The lab was officially opened yesterday by Cheryl de la Rey, vice chancellor and principal of the University of Pretoria, and Benoit Neel, Agilent vice president and general manager of field operations for Europe, the Middle East and Africa.
“Agilent is honored and proud to contribute to the education of the South African engineering community,” Neel said. “Students at Pretoria University will be trained on the best scientific test and measurement equipment used in the industry around the world. Working with Concilium, Agilent will contribute significantly to the country’s educational development for engineers.”
“South Africa has a dire shortage of engineers, and Concilium Technologies is committed to the development of technical education in South Africa,” said Steve Alves, managing director of Concilium Technologies. “We have various donor programs from grade 11 science learners, bursaries for promising students in engineering at tertiary level, and life skills and practical work experiential training for technicians completing their studies. For the budding engineers, Concilium works closely with universities in providing lab equipment and support for undergraduates and post graduate students.”

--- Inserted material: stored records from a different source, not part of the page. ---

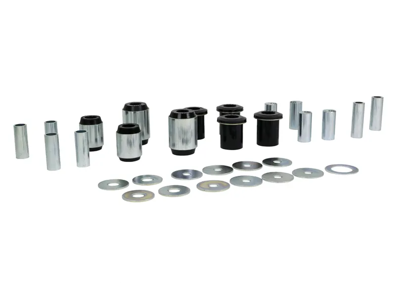 Essential servicing kit for your vehicle featuring key hard working front control arm bushings to replace worn and tired factory units. Whiteline's signature black bushings are made tough and offer outstanding abrasion resistance, high load bearing capability (4WD's, utes and towing), flexibility, increased tensile strength and chemical resistance to oil, grease, ozone and weathering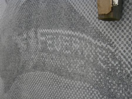Dit papier mag ook niet vouwen, dus maakte Decomo een vacuümtafel ter grootte van de elementen oftewel van 625 op 275 centimeter. Wat anders een blinde muur zou zijn, werd dankzij deze behandeling een fraaie gevel die communiceert met zijn omgeving.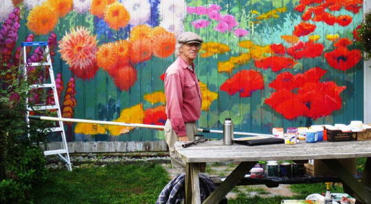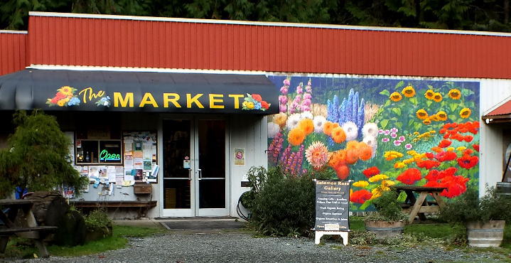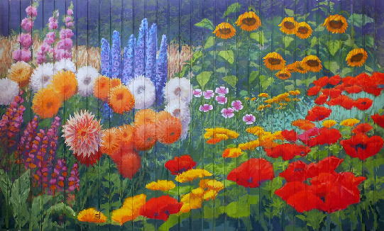 Daystar Market Mural revisited This is a re-paint of the 1999 mural. see "Flower Garden Mural". Size: 12 ft x 20 ft Location: The Daystar Market, Galiano Island BC Client: The Daystar Market Surface: Rough sawn board and batten siding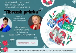 Codes pamatskolā26. decembrī plkst. 16 Ziemassvētku koncerts «Atrast prieku» kopā ar Raimondu Vazdiku un Elitu Veidemani.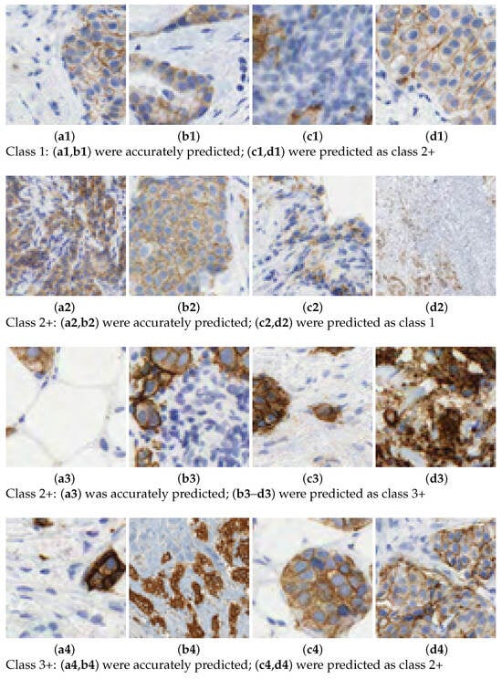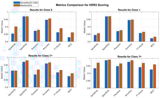 Table 11 indicates that DS3 generates a higher level of confidence in comparison to DS2, particularly for our most advanced models. Because of this, the 7-class method provides advantages not only in terms of sensitivity but also in terms of the levels of confidence it provides. According to the results of our experiments, the ResNet model in DS3 is the one that performs the best when it comes to HER2 prediction. In general, it demonstrates a high level of sensitivity (91%), and it also demonstrates higher levels of confidence, ranging from 87% to 97%. In contrast, the DenseNet model is a little bit behind the curve, with confidence levels ranging from 84% to 92%.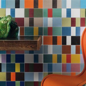 Il formato 10×20, su cui è prodotta, ha 50 pezzi per metro quadro, per cui, a seconda della serie, ci sono di ogni variante colore decine di pezzi. La semplicità del progetto, pensato con una riga in contrasto cromatico con le fasce laterali, genera atmosfere di grande seduzione nei contesti dove viene impiegato.

The Agilent-Computer Aided Education Center is a large undergraduate laboratory that has 144 workstations, each fitted with an Agilent DSOX2002A digital oscilloscope with a built-in function generator, a U3401A 41/2 digit dual-display digital multimeter, an E3630A triple output DC power supply and various RF design and analysis software programs. It is the largest laboratory of its kind in South Africa.
First and second year engineering students across all disciplines of engineering perform internships here as part of their training in electronic circuit theory in a number of different undergraduate modules. Around 2,000 undergraduate students per semester will benefit from this laboratory.
Agilent instruments were selected to ensure students benefit from being exposed to the highest quality industry-standard equipment from the first year. Five years of promised technical and maintenance support from Concilium Technologies will enable the department to have an optimally functioning facility.
Equipment for lab that was donated by Agilent includes U3401A digital multimeters, vector signal analysis software, WLAN analysis software and Advanced Design Software, including SystemVue and EMPro. The networked software will benefit senior undergraduate and postgraduate students as they can use it in their project design simulations and research. The approximate commercial value of this software is $15 million.